Accessory dwelling unit (ADU) ordinances vary across the state. Some communities require inordinate lot sizes. Manchester, for example requires a lot twice the size of the minimum required lot size for the district in order to accommodate an ADU. Unsurprisingly, that community has very few ADUs. Medfield allows ADUs only in houses built before 1938 with a minimum floor area of 2,000 square feet. Weston only allows ADUs in houses of at least 3,000 square feet.

For decades, these zoning requirements have been difficult to change due to the supermajority vote requirement. With the simple majority requirement now in place, many communities could open up the ADU stock.

Could Housing Choice Law Improve Massachusetts’ Low Ranking for Affordability?

Chapter 358 of the Acts of 2020 is a 100-page law that aims to make a large impact on alleviating the well-known housing crisis in Massachusetts.

In 2019, Massachusetts was ranked the most expensive state to buy a home in, according to SmartAsset, mainly due to a high property tax rate.

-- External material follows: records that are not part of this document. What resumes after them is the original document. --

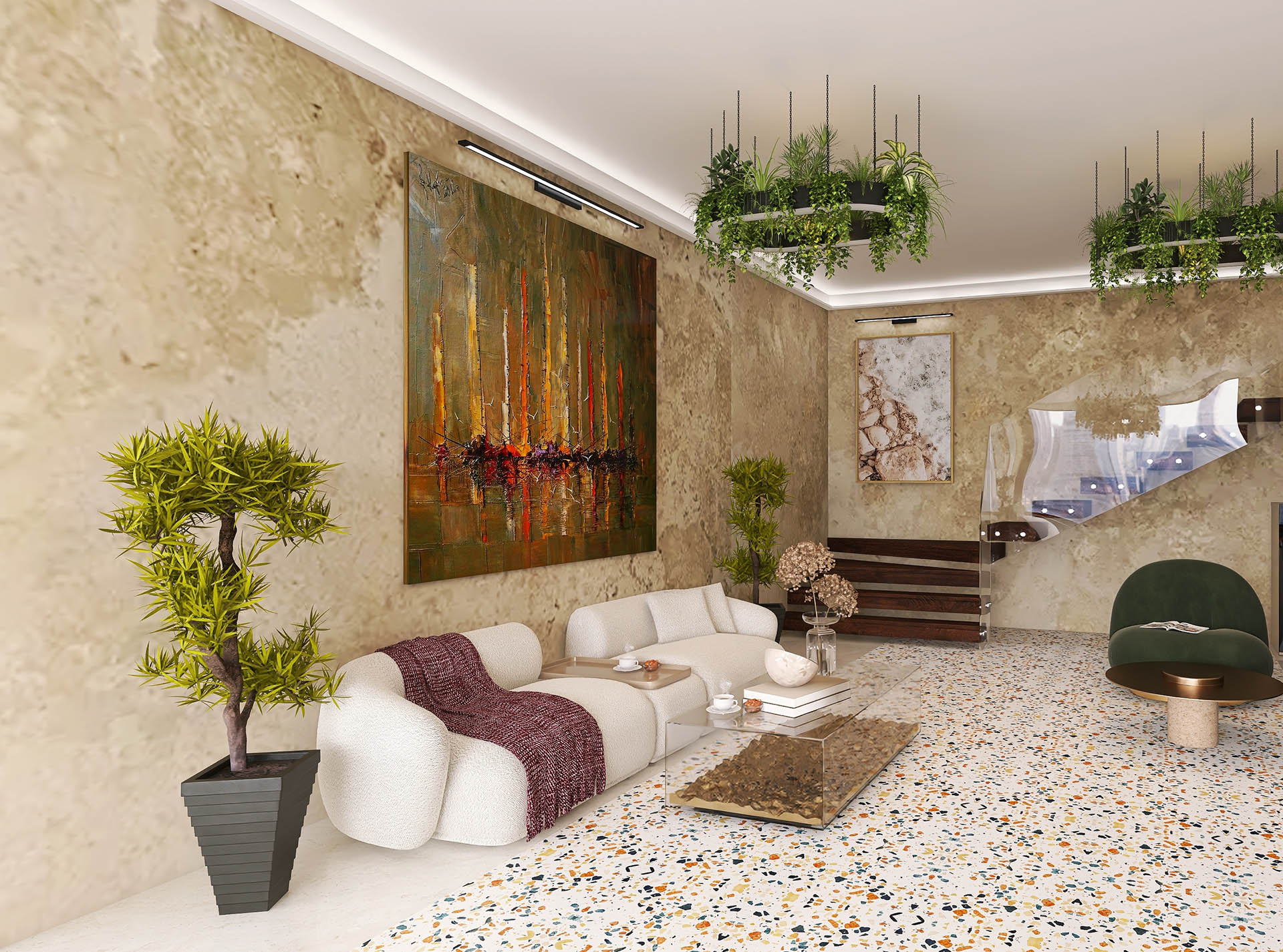 Stilul de amenajare este inspirat de natura, decorat cu plante, materiale ?i texturi naturale.
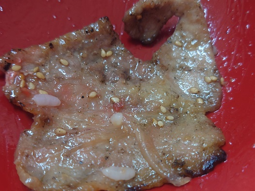 最後の最後に1枚とっておいた「SPF豚」をついばみ・・・
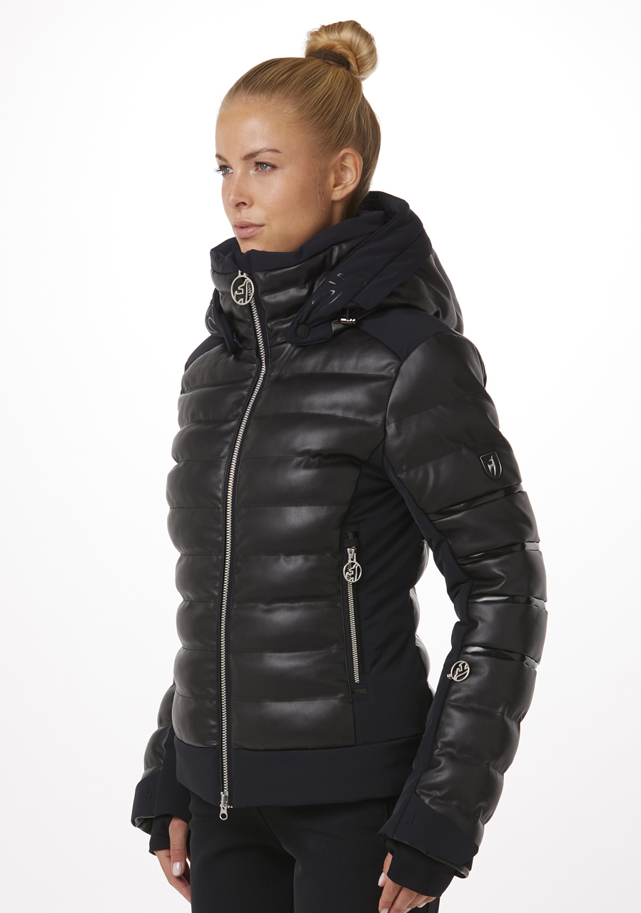 Dámská bunda Toni Sailer v černé barvě kombinuje styl a funkčnost v prémiovém provedení. Tato bunda je ideální pro lyžařské i volnočasové aktivity díky svému elegantnímu designu z umělé kůže a špičkové funkčnosti. Bunda je navržena ve slim fit střihu, který lichotí postavě, a díky 4-way stretch materiálu zajišťuje maximální volnost pohybu. S vodotěsností 20 000 mm a vysokou prodyšností 20 000 g/m²/24h poskytuje vynikající ochranu proti povětrnostním vlivům.
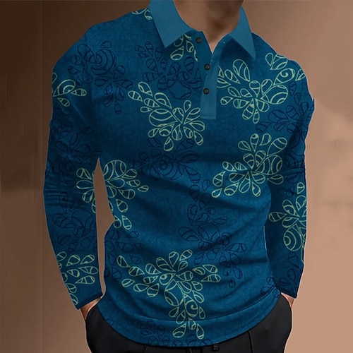 Per uomo Geometrico Magliette Polo a Nido d'Ape Manica Lunga Magliette polo Bavero Casual Athleisure Abbigliamento quotidiano Stampa 3D Primavera Autunno Inverno Blu
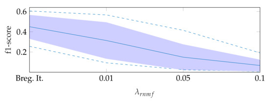 During our initial experiments with Equation (2), we observed that the natural shrinking bias of the norm (see [47]) significantly harms the performance of the RNMF model, even for small values of . On the other hand, , leads to highly non-unique minimizers of Equation (2) with the undesired trivial solution , being one of them.
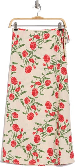 Keep the summertime living easy with this midi wrap skirt made from a lightweight linen blend patterned in a floral print.
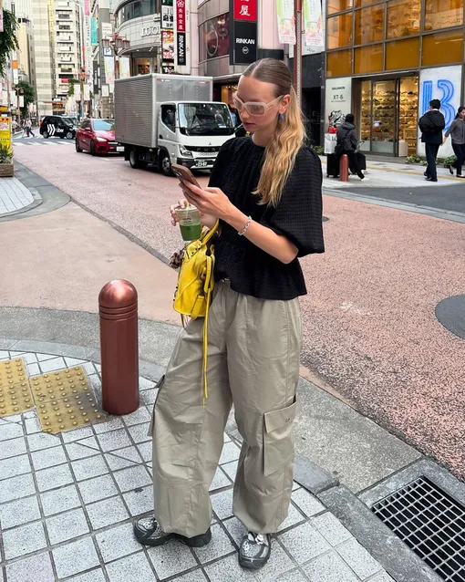 Максимальная функциональность выходит за пределы походов и активного отдыха. Стиль горпкор — это технологичная одежда, стилизованная как высокая мода. Так что если у вас есть брюки-карго и треккинговые кроссовки — аутфит готов. Сочетайте их с простым «верхом», кроп-топом или, наоборот, с чем-то максимально женственным. Финальных штрих — солнцезащитные очки футуристичной формы.
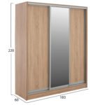 Ντουλάπα τρίφυλλη, σε sonama απόχρωση, 183x60x220 εκ.
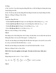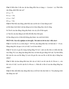 Câu 1: Chu kì dao động điều hòa của một vật là khoảng thời gian để vật
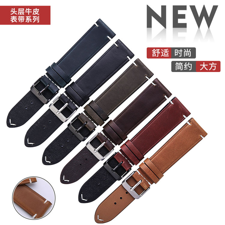 Oil Wax Retro Oily Iwatch Cowhide Watch Strap Huawei Genuine Leather Strap In Stock
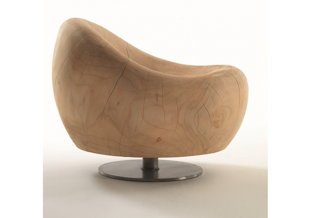 Maui designed by Terry Dwan for Riva 1920 is an armchair with swivel base with tubular leg and iron plate and shell in solid scented cedar worked from a single block.
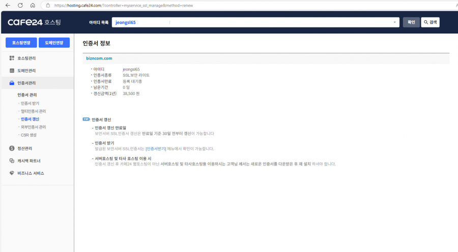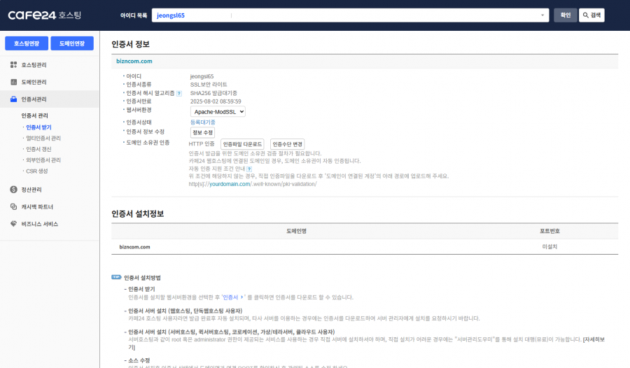 여전히 카페24에 인증대기중으로 나오며
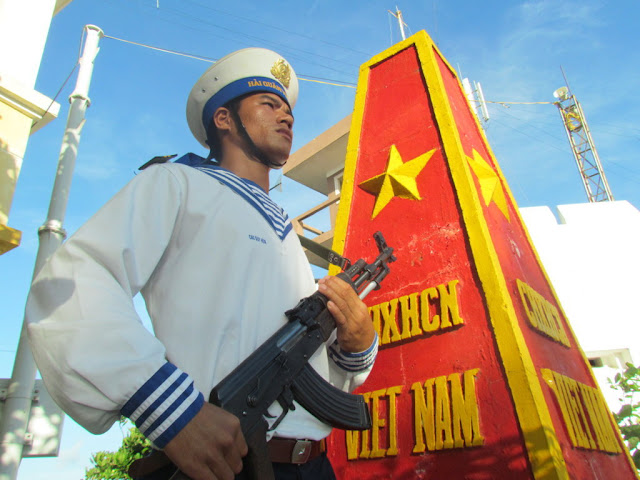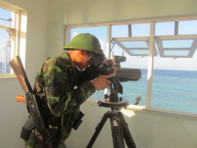 Đứng trên đài quan sát, mình không chỉ nhìn thấy bọn “tàu mẹ, tàu con” tham lam, hiểm độc mà còn thấy cả cái nhà to chình ình của Trung Quốc trên bãi ngầm Huy Gơ mà chúng đã chiếm giữ từ năm 1988.
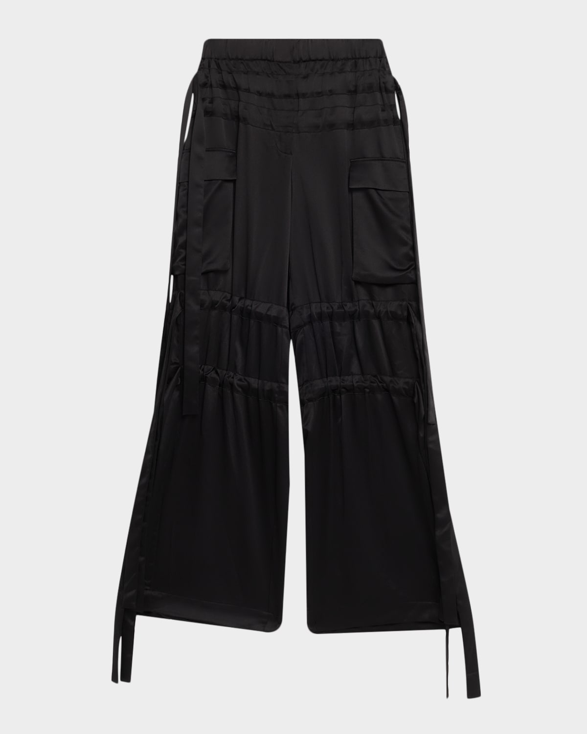 A statementmaking cargo silhouette, the "Odin" parachute pants by AKNVAS feature legcinching satin ties for versatile styling Midrise sits high on hip Side cargo pockets Full length Wide legs Hidden hook/zip fly Polyester Lining: Polyester Dry clean Imported
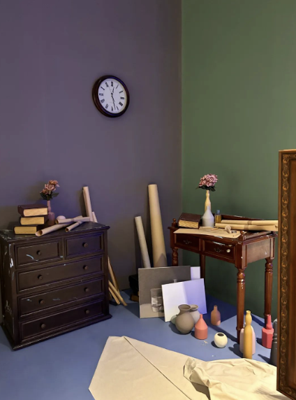 颜料斑驳的画架、低饱和的调色盘、落满尘埃的瓶瓶罐罐、一束穿进窗子的光...都无言地传达着时间的永恒。
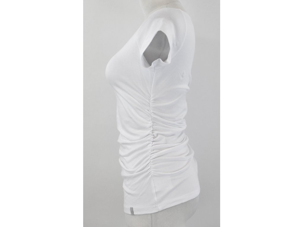 Dámské tričko s klínovými rukávy s vykrojenějším výstřihem do ramenou ne do hloubky. V bocích jsou řasené gumičkou z předního i zadního dílu.
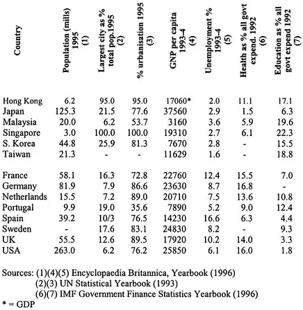 The aim of this chapter is to assist the understanding of developments in the individual elements - service sectors - of welfare policy, discussed in subsequent chapters. This is achieved, in part, by the presentation of brief, historical accounts of the broad characteristics and evolution of welfare policies in the two countries. These accounts are themselves devices that, through specific example, identify the location of Britain and Malaysia in wider frameworks encompassing all industrialised countries - both east and west. The first of these frameworks - the concept of welfare regimes starts from the assumption that industrialised countries can be classified according to the particular type of welfare model they have developed. As an approach, it is one that emphasises difference rather than similarity and emphasises the dynamics of the political, the ideological and the cultural in shaping difference. The second framework, in contrast, emphasises the process of globalisation in establishing conditions that are common across countries and may be thought of, though not necessarily so, as leading to some convergence, or greater similarity, of welfare systems.

USNews listed Massachusetts 40th in home affordability, coupled with the 47th highest cost of living. It’s hard to view this as a sustainable set of circumstances, especially as Massachusetts has seen the highest increase in homelessness in the country since 2007. The U.S. Department of Housing and Urban Development estimated 18,471 people experiencing homelessness in Massachusetts every day as of January 2019.

If the housing choice bill has its intended effect, it could pave the way for hundreds of affordable housing projects that previously could not win approval.

With the bill’s emphases on affordable and multi-family housing near public transportation, loosening restrictions on accessory dwelling units, easing of zoning change voting thresholds, and millions of dollars for affordable housing incentive grants, it may finally make a much-needed dent in the state’s numerous negative housing statistics.

The new housing choice law encourages multi-family and affordable housing development near MBTA stations in 65 communities. Image: CC BY-SA Wikimedia commons

MBTA Communities as Defined in Section 1, Chapter 161A

The following are lists in Section 1, Chapter 161A, defined as MBTA communities (the list for the purposes of this law is distinct from the 176 Massachusetts communities served by the MBTA)

“51 cities and towns”

Bedford, Beverly, Braintree, Burlington, Canton, Cohasset, Concord, Danvers, Dedham, Dover, Framingham, Hamilton, Hingham, Holbrook, Hull, Lexington, Lincoln, Lynn, Lynnfield, Manchester-by-the-Sea, Marblehead, Medfield, Melrose, Middleton, Nahant, Natick, Needham, Norfolk, Norwood, Peabody, Quincy, Randolph, Reading, Salem, Saugus, Sharon, Stoneham, Swampscott, Topsfield, Wakefield, Walpole, Waltham, Wellesley, Wenham, Weston, Westwood, Weymouth, Wilmington, Winchester, Winthrop and Woburn.

“14 cities and towns”

Arlington, Belmont, Boston, Brookline, Cambridge, Chelsea, Everett, Malden, Medford, Milton, Newton, Revere, Somerville and Watertown.